The Republicans chances of gaining control of the US House of Representatives increased from Friday to Monday after the SEC charges against Goldman Sachs were announced. The Intrade share price rose 3.2 points from 46.8 to 50 on Monday and rose to 50.3 as of close of trading on Tuesday, April 20. The increase from 46.8 to 50.3 is an increase of almost 7.5 percent.


Monday, April 19, 2010

Goldman's Abacus 2007 AC1 Flipbook

The Goldman Sachs Abacus Flipbook is no long available at the below article link, but is available on the NYU faculty webpage of Marco Avellaneda, Professor of Mathematics, Courant Institute of Mathematical Sciences, New York University at http://www.math.nyu.edu/faculty/avellane/ABACUS.pdf

Goldman Sach's Abacus 2007 AC1 Flipbook (from ritholtz, aka Barry Ritholtz of The Big Picture blog). It contains information about the synthetic CDO that is the basis of the SEC fraud complaint against Goldman Sachs:
30036962-Abacus-2007-AC1-Flipbook-20070226
The Goldman Sachs Abacus Flipbook is no longer available at the above link, but is available on the NYU faculty webpage of Marco Avellaneda, Professor of Mathematics, Courant Institute of Mathematical Sciences, New York University at http://www.math.nyu.edu/faculty/avellane/ABACUS.pdf

Another Comment On Goldman Vs SEC

Another comment I wrote to a Wall Street Journal article, "The SEC vs. Goldman: More a case of hindsight bias than financial villainy."
Goldman could have structured the whole deal and allowed Paulson to both own the equity position and short at the same time. Paulson would only have had to increase his short position to offset the addition of the equity portion. The fact that that there is no need to go through a charade of Paulson taking equity when he could have taken a real equity position to perpetrate the fraud, shows that no one was trying to perpetrate a fraud on the investors.
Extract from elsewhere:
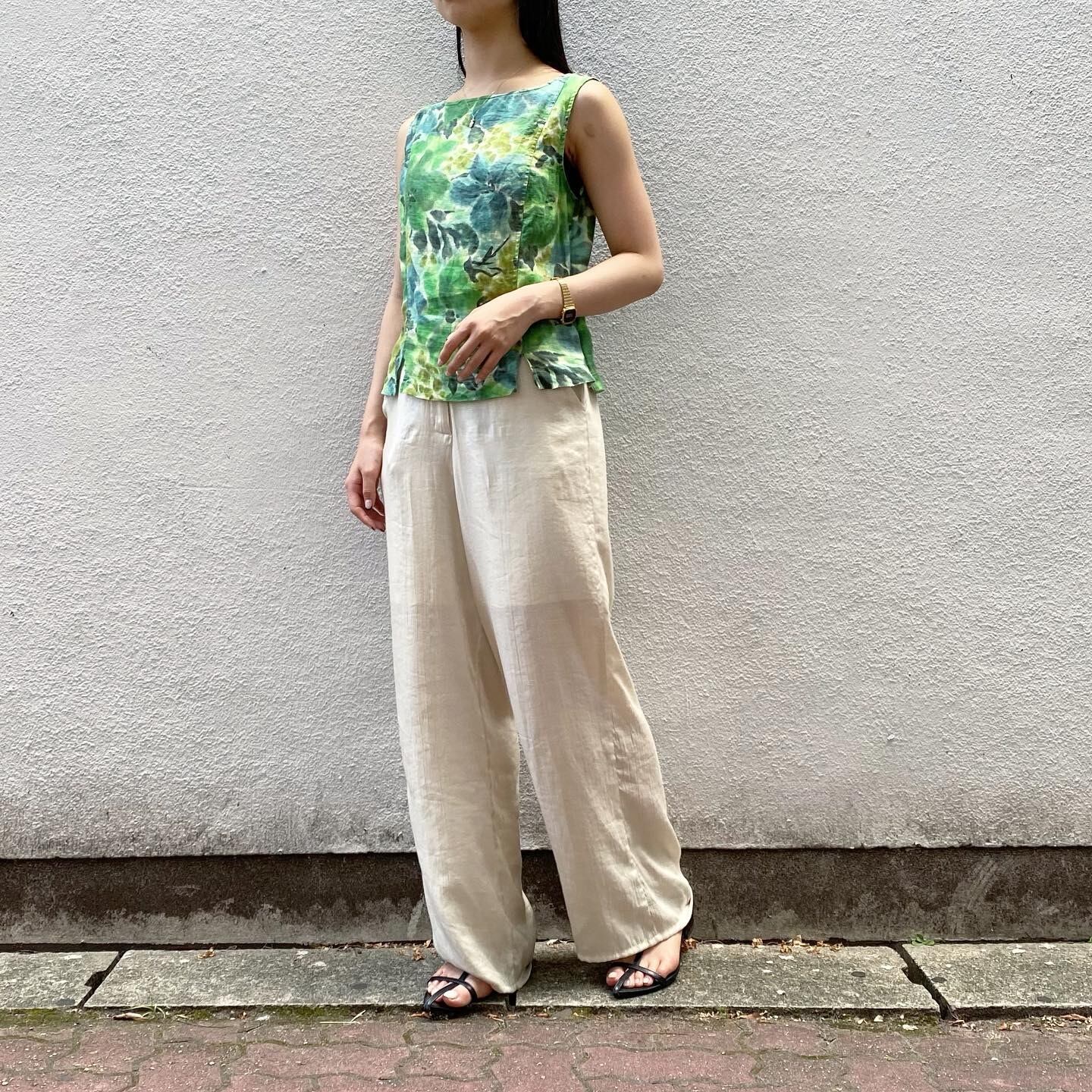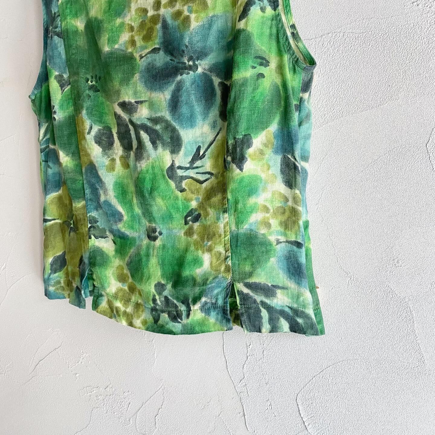 水彩画のようなタッチと色合いが素敵なノースリーブトップスです。ややくびれのあるシルエットで綺麗にお召し頂けます。

The WSJ opinion piece is correct that this appears to be nothing but a political play by Obama to get his financial reform passed.

The fact that the SEC asked Goldman in 2008 for info on this deal does not clear the SEC of politics. The SEC often asks Wall St firms for additional info about deals and securities. The SEC went to its file and found this older info inquiry about CDOs to make it appear non-political.
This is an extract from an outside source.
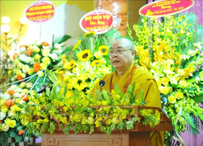 Upadhaya Thic Thanh Nhieu, Wakil Harian Ketua Pengurus Besar Sangha Buddha Viet Nam menyampaikan pesan Waisak 2021 (Foto: Minh Duc/VNA) |

Emails from employees that the sky is falling are also irrelevant. Who has not worked in a company and heard the employees say the firm does not know what it is doing, or that it is ripping off customers, or if the customers only knew. It is normal office talk among cohorts, who think they know more than their bosses and everyone else. Many times the employees are just reflecting their own job frustrations.

Sunday, April 18, 2010

Comment On Sec Challenges With Materiality Of Goldman Charges

A comment I posted to a Wall Street Journal article, "SEC Faces Challenges With Goldman Case" by Kara Scannell:
As a first step, the SEC will have to show that Paulson's involvement and shorting was material information to investors. I do not see it.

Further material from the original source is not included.